1 Ontstaan en loop van het geding

1.1.

De heffingsambtenaar heeft de waarde van de onroerende zaak [B-straat] 293 te

[Z] (hierna: de onroerende zaak) bij beschikking krachtens artikel 22 van de Wet Waardering onroerende zaken (hierna: Wet WOZ) met dagtekening 21 februari 2015 voor het kalenderjaar 2015 vastgesteld op € 565.000 en bij beschikking met dagtekening 20 februari 2016 voor het kalenderjaar 2016 vastgesteld op € 560.000. In dezelfde geschriften zijn de aanslagen onroerendezaakbelasting bekendgemaakt.

1.2.

De heffingsambtenaar heeft de daartegen gemaakte bezwaren, bij uitspraken op bezwaar

van 7 maart 2017 en 28 maart 2017, ongegrond verklaard.

1.3.

Op de tegen de uitspraken op bezwaar door belanghebbende ingestelde beroepen heeft de rechtbank in haar uitspraak van 1 juni 2018 als volgt beslist (in de uitspraak wordt belanghebbende als ‘eiseres’ en de heffingsambtenaar als ‘verweerder’ aangeduid):

“De rechtbank:

- verklaart de beroepen gegrond;

- vernietigt de bestreden uitspraken;

- vermindert de bij beschikking vastgestelde waarde voor de jaren 2015 en 2016 tot respectievelijk € 515.000 en € 510.000;

- veroordeelt verweerder tot vergoeding van proceskosten tot een bedrag van € 1.684,50,

en

- gelast verweerder het betaalde griffierecht ad (2x€ 46=)€ 92 aan eiseres te vergoeden.”

1.4.

Het tegen deze uitspraak van de rechtbank ingestelde hoger beroep van de

heffingsambtenaar is bij het Hof ingekomen op 28 juni 2018, aangevuld bij brief van 25 juli 2018. Belanghebbende heeft een verweerschrift ingediend.

1.5.

Bij brief, gedagtekend 26 september 2018, heeft de heffingsambtenaar een nader stuk

ingediend.

1.6.

Het onderzoek ter zitting heeft plaatsgevonden op 12 juni 2019. Namens belanghebbende is verschenen de gemachtigde voornoemd.
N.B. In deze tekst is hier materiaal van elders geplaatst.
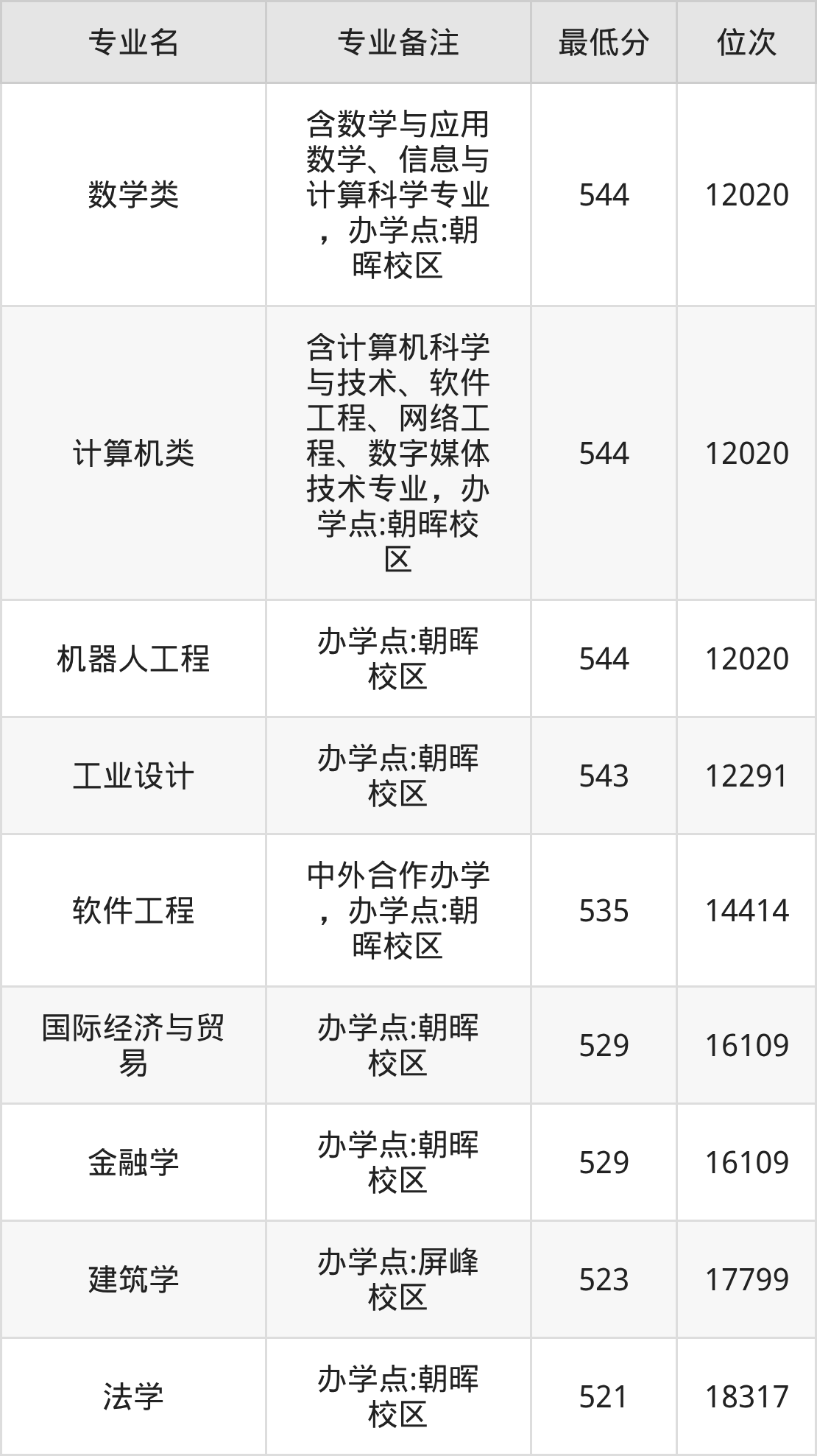 2、计算机类(含计算机科学与技术、软件工程、网络工程、数字媒体技术专业,办学点:朝晖校区):544分、位次12020名;

Namens de heffingsambtenaar is niemand verschenen. Blijkens gegevens van PostNL – in te zien via het internet – is de naar de heffingsambtenaar op 25 maart 2019 per aangetekende post verzonden uitnodiging om op de zitting te verschijnen op 26 maart 2019 bezorgd op het adres van de heffingsambtenaar. De heffingsambtenaar is aldus tijdig en op de juiste wijze uitgenodigd, zodat de zitting doorgang kon vinden. Na de zitting heeft het Hof een brief ontvangen van de heffingsambtenaar waarin wordt uitgelegd wat de reden is van het zonder bericht niet verschijnen ter zitting en waarin hiervoor verontschuldigingen worden aangeboden. Van het verhandelde ter zitting is een proces-verbaal opgemaakt dat met deze uitspraak wordt meegezonden.

2 Feiten

2.1.

De rechtbank heeft de feiten in haar uitspraak als volgt vastgesteld:

“1. De op beide beschikkingen vermelde onroerende zaak betreft de perceelnummers 396 (groot 5200 m²) en 397 (groot 45110 m²), waarvan een deel als cultuurgrond buiten de waardebepaling is gelaten.

2. Eiseres is eigenaar van beide percelen; op het perceel 396 staat haar woning met bijbehorende grond; het overige deel van dit perceel en het perceel 397 is in gebruik bij eiseres ten behoeve van haar bedrijf, een paardenmelkerij.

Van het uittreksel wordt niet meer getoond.